When You Move In With Your Aging Parent, You Learn All Kinds of Things!


 

Perhaps nothing can teach an adult child as much about life and their aging parent than moving in with, and taking care of that parent, which is what I did for six years. It’s also the basis of my humorous self-help book, Why is Grandma Naked? Caring for Your Aging Parent, coming out March 16, 2021 on Amazon as an ebook and paperback. As the daughter who saw Mom the most and who lived nearby, I thought I knew as much as any adult child could about a parent before I moved in. After all, I’d heard all her childhood stories more than once and that was even before she declined to the point where she’d forgotten which daughter she’d told which story to or forgot she’d told any of us that story. But no. Not only did returning to my childhood home and attending to the needs of Mom, a Depression era child who’d had an emotionally deprived childhood, teach me and transform me; it (and I) gave her a sense of safety and security like she’d never had before, which was extraordinarily gratifying to me. Mom began to consider me a safe repository of her long-buried childhood and young-adult experiences. And truth to tell, I felt privileged, and I benefited in more ways than one from my new-found enhanced understanding of who Mom was and how’d she became that way. I now had the missing details. And insofar as I’d always respected and loved my mother, I loved and respected her all the more in light of these details. 

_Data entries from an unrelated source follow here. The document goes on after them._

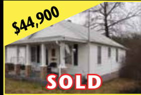
MLS# 63355 - AUSTINVILLE - Cute 2 BR cottage with view of New River. HW floors, enclosed back porch, close to New River and New River Trail.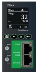
Electric Heat Power Control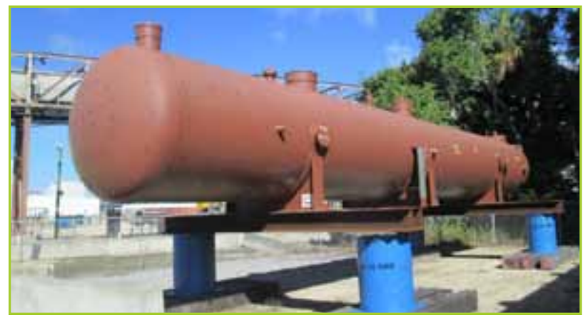
HEAT EXCHANGERS YUBA, SPX HEAT TRANSFER LOT TO INCLUDE (2) HEAT EXCHANGERS, TEST PRESSURE PSI SHELL 445, TUBES 650, TEST TEMPERATURE MIN DEGREE F SHELL 70, TUBES 70, CUSTOMER ITEM EH-5A, MFG. S/N 10-H-468-1A, FEEDWATER HEATERS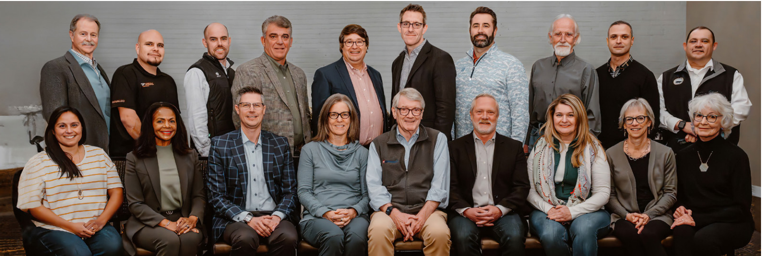
The FRPR District Board of Directors.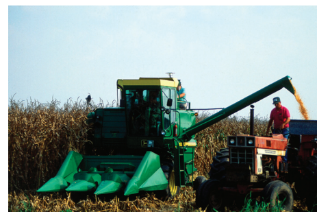
Equipment for planting and harvesting of bio-pharm crops must be dedicated to that purpose, i.e., the equipment cannot be used with any other crop.

Research on PMP crops has been ongoing for many years in laboratories, greenhouses, and field trials. In 2002, PMP crops were grown at 34 field sites totaling 130 acres in the U.S. Three PMPs currently undergoing evaluation in clinical trials are designed to target non-Hodgkins lymphoma, cystic fibrosis, and E. coli /traveler's diarrhea (Biotechnology Industry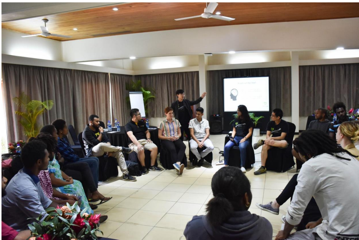
The youth participants were introducing themselves to each other.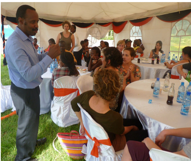
Dr. Thenya addressing the participants during the closing ceremony of the 2014 SLUSE Course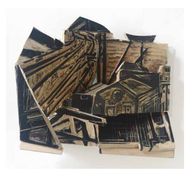
Onderdak, collage de plaques gravées sur bois, 200x220, 2023 © Hanna De Haan

Free – Sign-up required: www.lesmuseesdeliege.be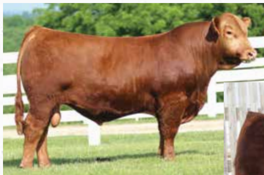
WULFS OZARK K115E ET • Sire of Lot 6

LOT 6A: J Bar J Let's Go 366L, a 4/3/23, double polled, red, purebred son of Royal Jester RBGL 103J. BW: 65 lbs. Looking for a red front pasture female, look no further than J Bar J Josephine 156J. She is a daughter of our proven Red Lim-Flex herd sire, Wulfs Ozark K115E, a son of the great Red Angus, Bieber Hard Drive. Her dam is a daughter of our Limolyn Xilda donor, a purebred female we purchased from Canada. This outstanding female comes with a son of Royal Jester RBGL 103J, which came easy at 65 lbs.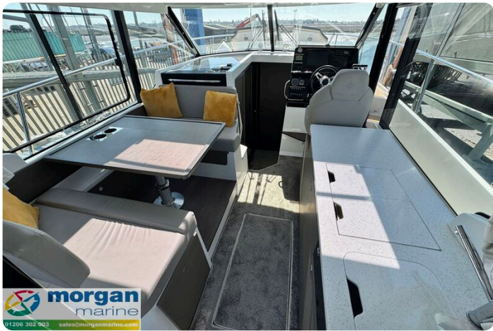
Merry Fisher 1095 - saloon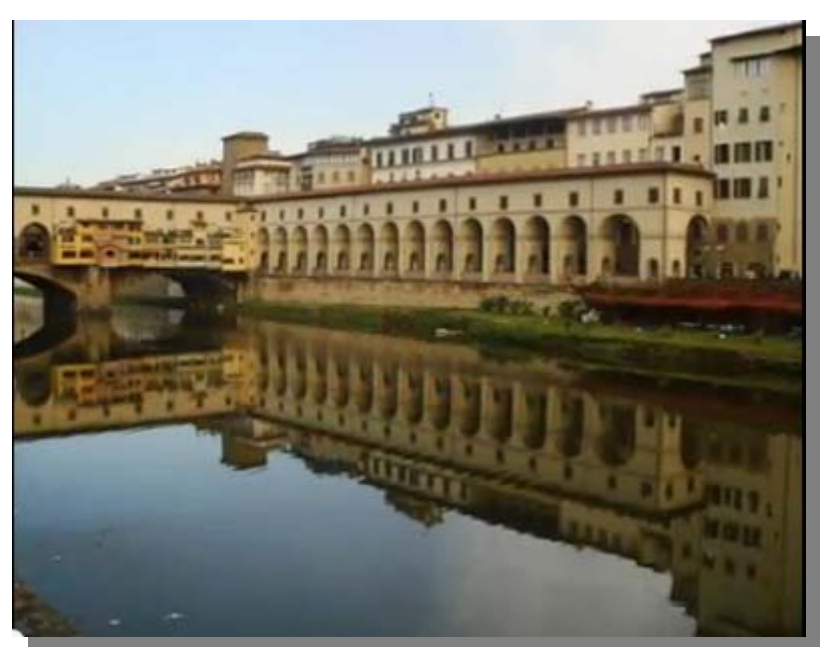
Fig.2 Florence City

The International Conference New Perspectives in Science Education took place in Florence, Italy, on 8 -9 March 2012.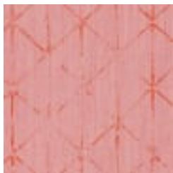
BB-GE-10 PIP'S PINK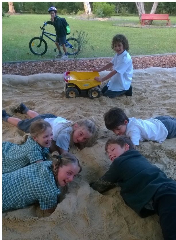
Look ... No Arms

In its 124th year Penrose Public School encourages confidence, responsibility, awareness and adventure.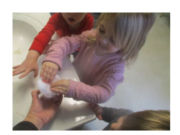
Discovering the Temperature of the Snow. Watching it Melt as it Falls into the Sink

Standard: Children demonstrate a basic awareness of and use scientific concepts.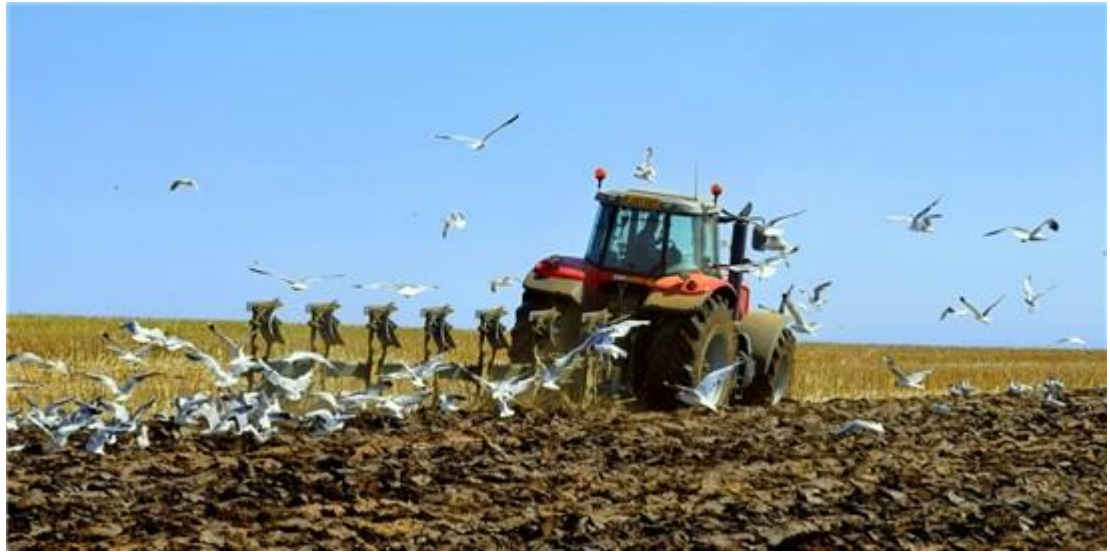
The predominant industry

In the 2011 census, there were 208 people living in the parish with 146 of those of working age (16-64). Approx 37 were aged 0-15 with 25 people aged over 65. The total area of the parish is 1,164.7 hectares. The early results of the 2021 census show a 2.4% increase across the East Riding.

     Just one example: she recalled as a young child seeing her younger brother foraging for food in a garbage can. They were motherless children, raised for the most part in their early years by an assortment of negligent babysitters. But I couldn’t help but wonder if it was Mom and not her brother who had done the foraging.

   Another of Mom’s stories gave me a better understanding of why she’d been as solitary as she was. After getting married and having a baby, she made a very dear friend. They lived in the same apartment building. They had babies the same age. They shopped together, pushed their baby carriages together, did everything together. And then one day, her friend had a pain in her foot and inside of two weeks, her friend was dead. It was leukemia, which then was an almost-certain death sentence. It must have been a terrible shock to Mom. She’d had so many losses. She’d grown up without ever knowing her mother or the circumstances of her absence. Her uncle, whose household she’d lived in for ten years as a teenager and young adult had made it clear he didn’t want Mom there. (This too, was another fact Mom had never told me before. Nor had she told me  that she felt so uncomfortable and unwanted there that she always showered at the local Y.) Perhaps Mom was afraid of getting close to people who might in an instant disappear from her life. To Mom, the world was neither a safe nor welcoming place.

     Now the funny part: Mom had a set of false delusions (and I detail several of the funniest ones in my book.) They were harmless delusions but they were nonetheless, delusions. And with that, came her reports, which I’ll call her “sightings,” people she’d seen recently who she’d had some sort of relationship with many years ago, but who were not her friends. One day Mom came home from the supermarket exercised that S., who Mom had played mah jongg with many years before, had snubbed her across the fresh produce aisle. (Okay. So maybe S. had snubbed her. That is possible or it is far more likely that S. didn’t see her. Both Mom and S. were ninety at the time!) And then there was  Mrs. G., who Mom had been in a religious school carpool with forty years before, and who Mom now claimed she saw sitting in an adjacent car in a parking lot, and heard the woman say in a loud enough voice for Mom to hear, “She looks very old” [meaning Mom.] I tried to explain to Mom that it couldn’t have been Mrs. G, who had probably gone to another, “better” place (either she’d died or went to where most elderly New Yorkers move to, Florida). But Mom wouldn’t hear it. It was Mrs. G., she continued to insist, even after I googled Mrs. G’s name and showed Mom she’d moved to Florida. 

     It was at that point I realized that Mom’s world consisted of these mini-dramas and that she needed them to spice up her life! And besides, who was I to convince her otherwise? My willingness to  accept Mom’s false reality led me to become a more accepting person in general, I believe. Not that I wasn’t an accepting person already! But now, I’m even more open to accepting people as the imperfect, quirky, and strange people they are, especially if they are family members!